2.1. Bij de beoordeling van de aanvraag is het college ervan uitgegaan dat het overgangsrecht van artikel 67a van de Nbw 1998 op deze aanvraag niet van toepassing is. In dat verband stelt het college dat ten tijde van de inwerkingtreding van de wet tot wijziging van de Nbw 1998 (programmatische aanpak stikstof), op 1 juli 2015, de aanvraag onvolledig was omdat een passende beoordeling ontbrak en de beschikbare gegevens niet vóór die datum voldoende waren voor een volledige beoordeling van de aanvraag. Het college stelt zich op het standpunt dat artikel 19km, van de Nbw 1998, wel van toepassing is. Gelet op het vierde lid van dat artikel kan toepassing worden gegeven aan externe saldering als mitigerende maatregel.

2.2. Op 1 januari 2017 is de Wet natuurbescherming (hierna: Wnb) in werking getreden en is de Nbw 1998 vervallen. Omdat het bestreden besluit is genomen vóór 1 januari 2017 volgt uit artikel 9.10 van de Wnb dat dit geschil moet worden beoordeeld van de hand van het voor die datum geldende recht.

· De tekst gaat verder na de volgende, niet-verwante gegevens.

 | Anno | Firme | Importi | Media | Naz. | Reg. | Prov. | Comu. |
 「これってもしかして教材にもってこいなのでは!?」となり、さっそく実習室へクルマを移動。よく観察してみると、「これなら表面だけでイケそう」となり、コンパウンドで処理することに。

Artikel 19km van de Nbw 1998, voor zover thans van belang luidde van 1 juli 2015 tot 1 januari 2017:

"3. Voor een project dat of een andere handeling die betrekking heeft op een inrichting als bedoeld in artikel 1.1, derde lid, van de Wet milieubeheer en stikstofdepositie veroorzaakt op een in het programma opgenomen Natura 2000-gebied wordt een vergunning als bedoeld in artikel 19d, eerste lid, niet verleend op grond van het feit dat onmiddellijk in verband met dit project of deze andere handeling een afname van stikstofdepositie plaatsvindt als gevolg van de beëindiging of beperking van een of meer bepaalde andere handelingen buiten die inrichting.

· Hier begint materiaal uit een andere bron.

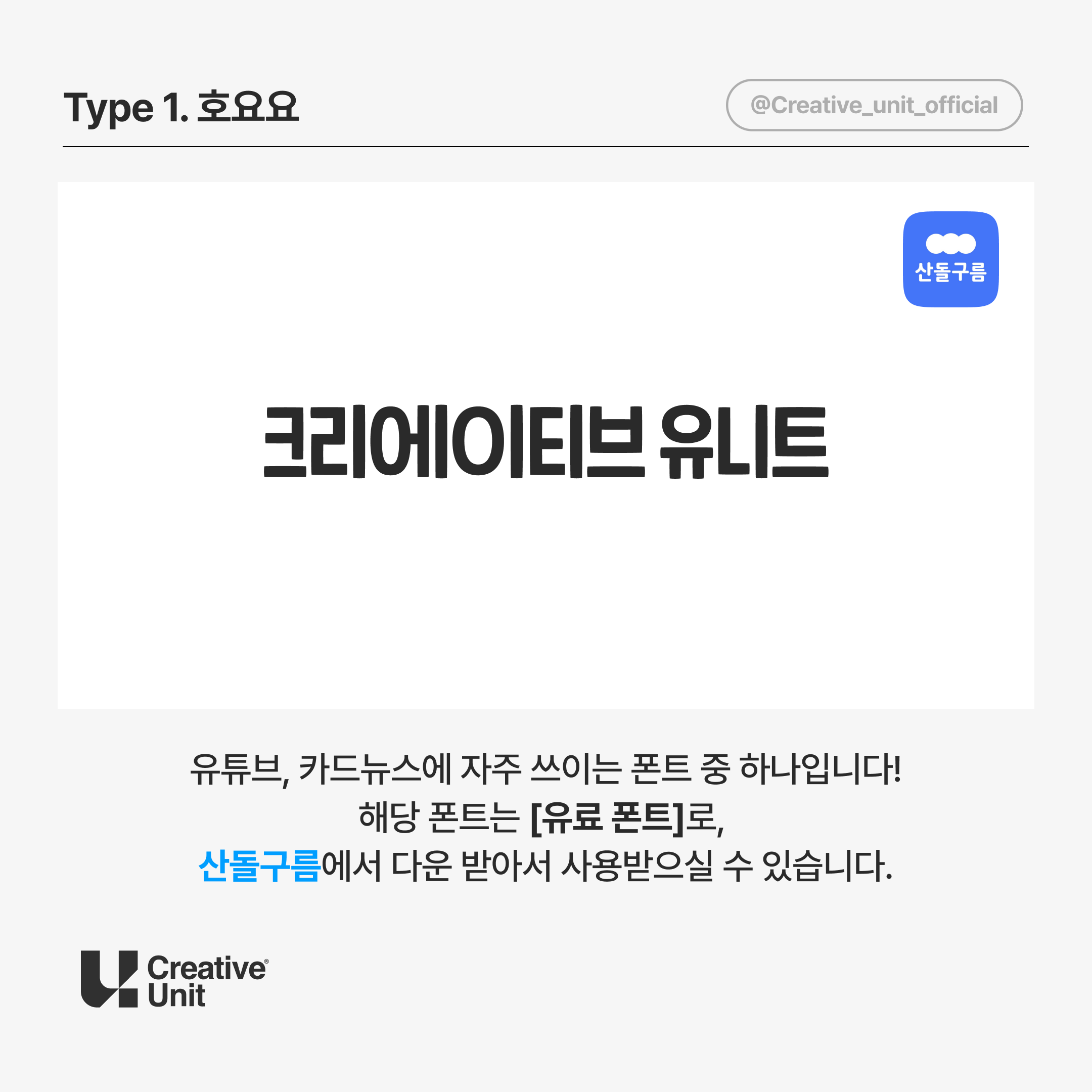 호요요 폰트는 깔끔하고 세련된 인상을 주는 폰트로, 주로 유튜브 썸네일이나 카드 뉴스에 많이 사용됩니다. 폰트 자체가 둥글고 부드러운 느낌을 가지고 있어 다양한 디자인 요소와 자연스럽게 어우러집니다. 특히 이 폰트는 가독성이 뛰어나기 때문에 짧은 문구부터 긴 텍스트까지 모두 소화할 수 있습니다. 해당 폰트는 유료 폰트이며, 산돌구름에서 다운로드가 가능합니다. 상업적으로도 사용가능하며 다양한 프로젝트에 활용할 수 있습니다.

4. Het derde lid is niet van toepassing op een besluit op een aanvraag om een vergunning als bedoeld in artikel 19d, eerste lid, die is ingediend vóór het tijdstip van inwerkingtreding van het derde lid."

Artikel 67a luidde:

"De artikelen 19km, 19kn en 19ko zijn niet van toepassing op projecten, plannen en andere handelingen die stikstofdepositie op voor stikstof gevoelige habitats in een Natura 2000-gebied veroorzaken indien:

- voor het project, plan of de andere handeling voor het tijdstip van inwerkingtreding van het programma een besluit als bedoeld in artikel 19km, eerste lid, in voorbereiding is bij het desbetreffende bestuursorgaan;

- de voor het nemen van het desbetreffende besluit beschikbare gegevens en bescheiden naar het oordeel van het desbetreffende bestuursorgaan voldoende zijn voor de beoordeling van de aanvraag of voor de voorbereiding van het desbetreffende besluit en bovendien, ingeval het besluit betrekking heeft op een project als bedoeld in artikel 19f, eerste lid, een volledige passende beoordeling als bedoeld in dat artikellid is gemaakt, en

- degene die het desbetreffende project zal realiseren, onderscheidenlijk de andere handeling zal verrichten, heeft een tijdige uitvoering verzekerd van de maatregelen die in het kader van de realisering van het project, onderscheidenlijk het verrichten van de andere handeling worden getroffen om te verzekeren dat de natuurlijke kenmerken van Natura 2000-gebied niet zullen worden aangetast als gevolg van het project, onderscheidenlijk om verslechteringen of significant verstorende effecten als gevolg van de andere handeling te voorkomen."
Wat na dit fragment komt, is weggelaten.